1.  We may end up with ‘sanding’ (flow of sand-grains or particles into the wellbore along with hydrocarbons – leading to damages such as erosion on surface facilities and wellbore shutdown due to blockage of flow lines) - either - immediately following the well completion; or, sometimes, at a later stage, during the production: Which is quite more common and why?

2.  How easy would it remain in reality - in order to segregate the fraction of sand production resulting from

(a) shear and tensile failure resulting from ‘changes in stresses’ in the wellbore - associated with the ‘opening of wellbore’ in the formation (mechanical instability); and

(b) ‘erosion’ resulting from the damage of pore-structure by fluid hydrodynamics (hydrodynamic instability)?

Feasible to distinguish the quantum of sand production associated with various ‘operational production strategies’ - from that resulting from (a) & (b) above?

3.  Feasible to capture the commencement of sanding @ laboratory-scale, where stresses reach the limit of rock (core) strength – associated with the enhancement of ‘effective stresses’ resulting from ‘reduction in pore pressure’?

How precisely will we be able to capture the development of ‘plastic zone’; and its associated ‘extent of plastic strain’ @ laboratory-scale?

4.  While applying an elastoplastic model with strain softening, the first part, where the stress following an elastic path until it reaches the peak point - can be easily captured. However, after reaching the peak point, how easy would it remain to capture the ‘variations in stress and rock properties’ with the ‘evolution of the plastic strain’ ‘until the residual state is reached’?

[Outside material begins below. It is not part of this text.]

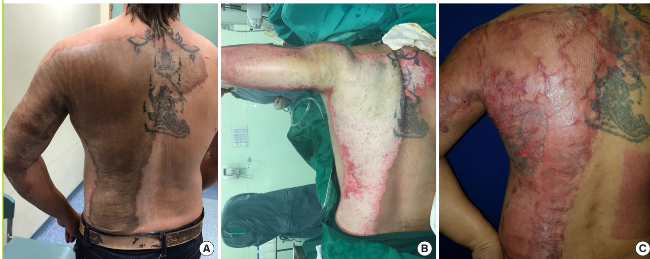
Table 1. Characteristics of the patient population

Patient 4 sustained a 13% total body surface area burn after exposure to sulfuric acid. (A) A dark brown eschar formed after exposure to the acid, clearly demarcating healthy and unhealthy skin. (B) After debriding the eschar, the true depth of the burn could be evaluated. As this was a deep dermal burn, it required further debridement and secondary skin grafting. (C) After 1 month, the patient had recovered well and returned to employment.

How exactly a damaged zone followed by a plastic zone gets developed around the boreholes; and can we directly correlate the above problem with the ‘linear elastic zone’ (by estimating elastic radial & tangential stresses along with the radial displacement around an opening); ‘non-linear softening zone’; and the ‘linear residual zone’ (by assuming that the stresses and radial displacement distribution follow the plastic behavior in both softening and residual zones – beyond the initial failure point); while analyzing the failure criterion along with the residual criterion?

Can we extend the analysis when the rock gets subjected to non-uniform horizontal principal stress - in the absence of plain strain condition?

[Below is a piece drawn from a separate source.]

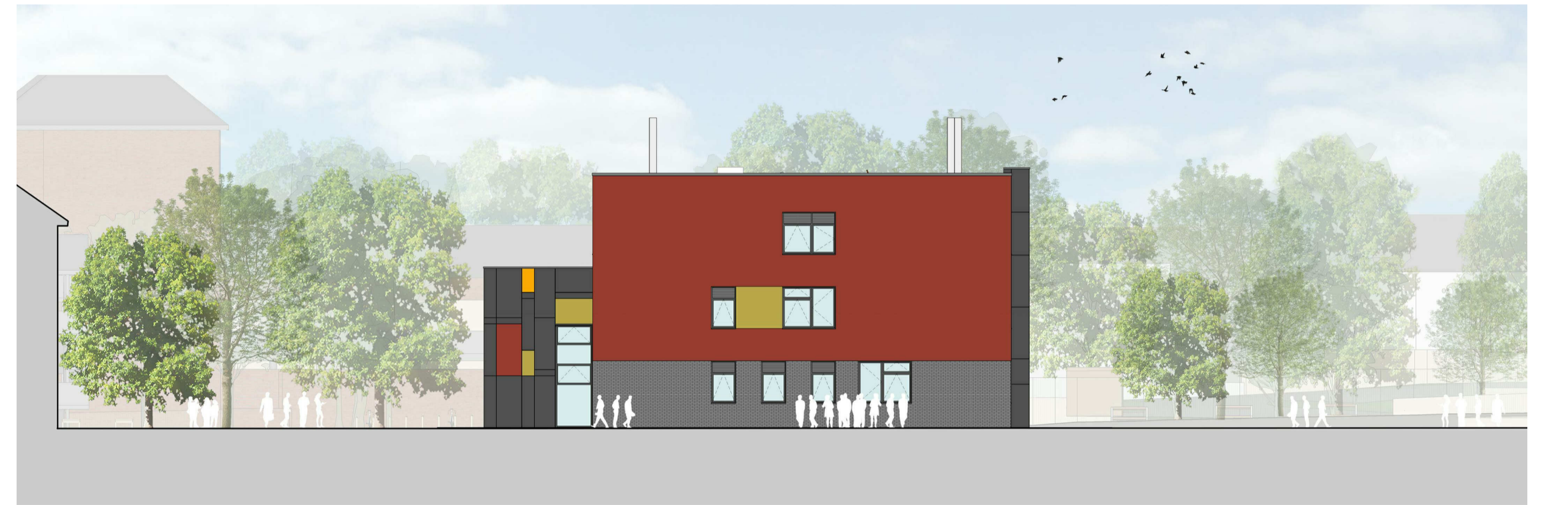
3 SOUTH ELEVATION JW-202 1:200

5.  How easy would it remain to delineate the ‘critical drawdown pressure’ in order to avoid entering the plastic zone development, where the reservoir within the whole drainage area follows elastic behavior in the absence of any sand production (by retaining cohesion with the least possible plastic strain)?

OR

Need to focus critically on the ‘extent of fully damaged (collapse) zone’ rather than focusing on ‘plastic development’?

6.  What is the major drawback associated with the prediction of onset of plasticity using Mohr-Coulomb criteria?